A.S. Byatt’s Still Life
A.S. Byatt’s Still Life reads like a painting. Byatt describes a person or a scene with a list of colors, like splotches of paint, but colors so precise and visceral that you can almost taste them. When Frederica goes to the picnic by the sea, one learns that “her skin had at one stage, unusual in a redhead, been almost chocolate-brown and silk smooth, but she was northern redhead, and had passed beyond the russet and the Negro, back to a strange peeled patchwork, toast-cinder brown, radish-crimson, freckled bone and the translucent gray of flaking skin still shifting.” Toast-cinder brown is a brown I have never seen physically but can see in my mind and taste in my mouth. Toast. Cinder. The nuttiness of browned crust on the tongue. The kind of brown that can only describe human skin, salty and slightly rancid from sweat. Radish. Crimson. One knows that a red radish isn’t exactly red the way a rose or blood is red. The association of a radish to crimson makes one think of a red that is almost magenta, which is the same hue as the pink of sunburnt skin. Young skin. Fresh like the crispness of a radish.

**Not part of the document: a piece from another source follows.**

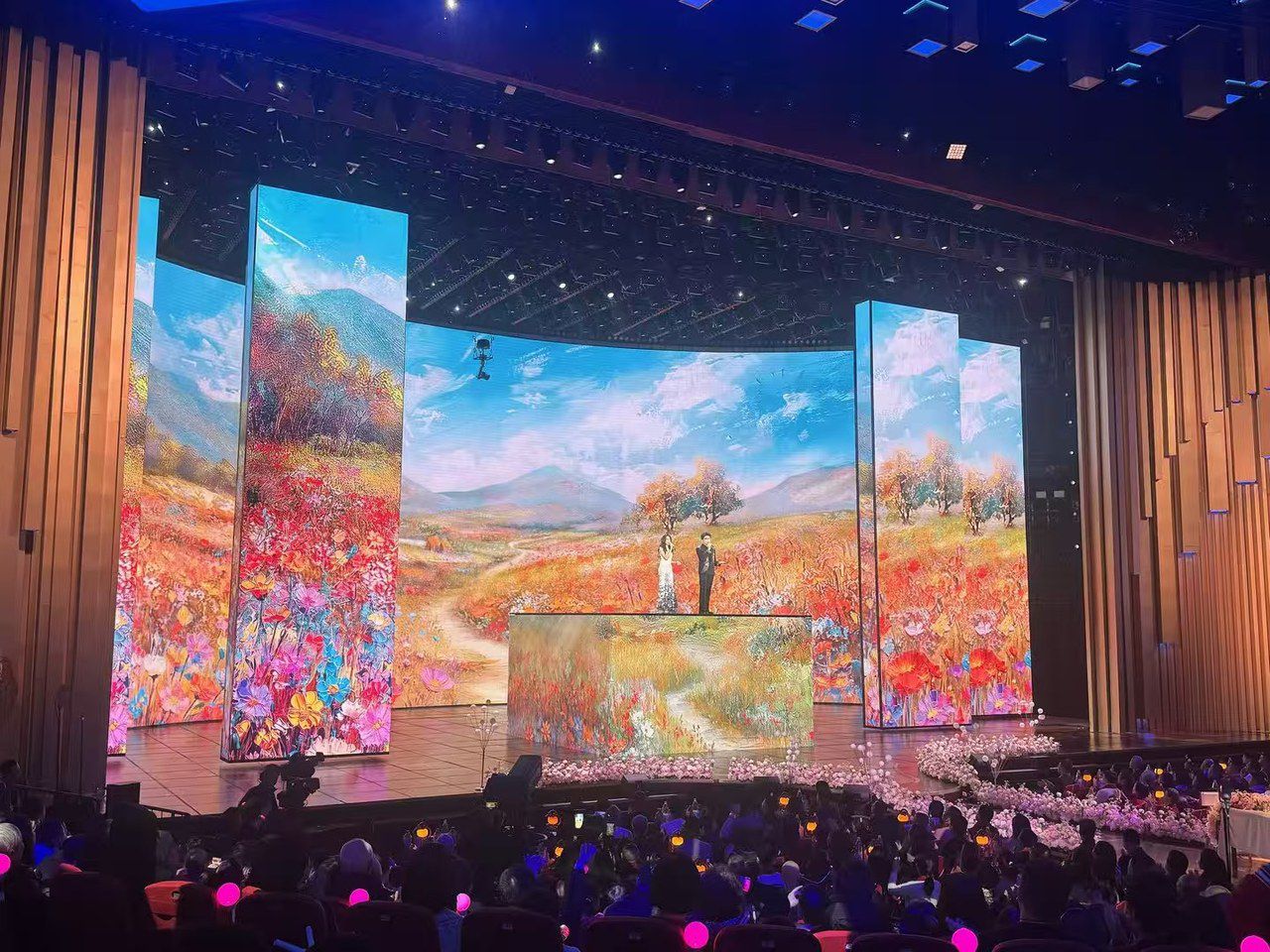 作为舞台视觉设计的点睛之笔,大丰的智能舞屏矩阵以灵活多变的形式,将舞台意境展现得淋漓尽致。四块智能舞屏作为大丰的拳头产品,今年依然是春晚舞台耀眼的亮点,每块翻转屏均能独立平移和旋转,并在轨道运行时保持动态流畅与精准。通过四面对开、全场对穿的独特设计,四块平移旋转LED屏与表演和背景画面完美结合,营造出特定的艺术氛围。

“Freckled bone” is strangely appropriate even though we are talking about skin and not the skeleton underneath. The human bone with its tinge of ivory that can’t be compared to any other colors of the external parts of the human body. By imagining the bone, its curves and dark shadows pooling in the spaces that those curvatures make, we see the true coloring of her skin—not white, not beige, but bone. Then immediately the bony shape of her thin body. Through one carefully chosen word, we move seamlessly from color to shape.

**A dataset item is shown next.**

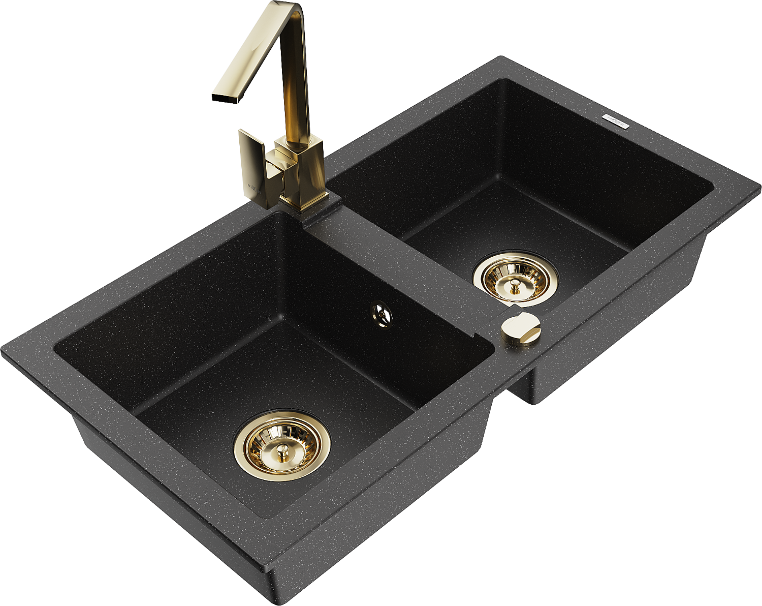 Mexen Mario dřez žulový 2-komorový s kuchyňskou baterií Rita, černý/stříbrný metalík - 6504-73-670300-50

What about the “translucent gray of flaking skin”? It’s an exaggeration. We know that flakes of skin are never completely white or opaque. Yet one does not typically think of them as being translucent or gray either. The description feels too exaggerated but the exaggeration brings us closer to what flakes of skin are like. Dingy and delicate are what flakes of skin are like. Grey and translucent fit the bill.
The novel must be read slowly in order for one to be able to fully appreciate the artistry of Byatt’s strokes. Every adjective she stacks on top of another creates a picture that is brimming with rich sensations.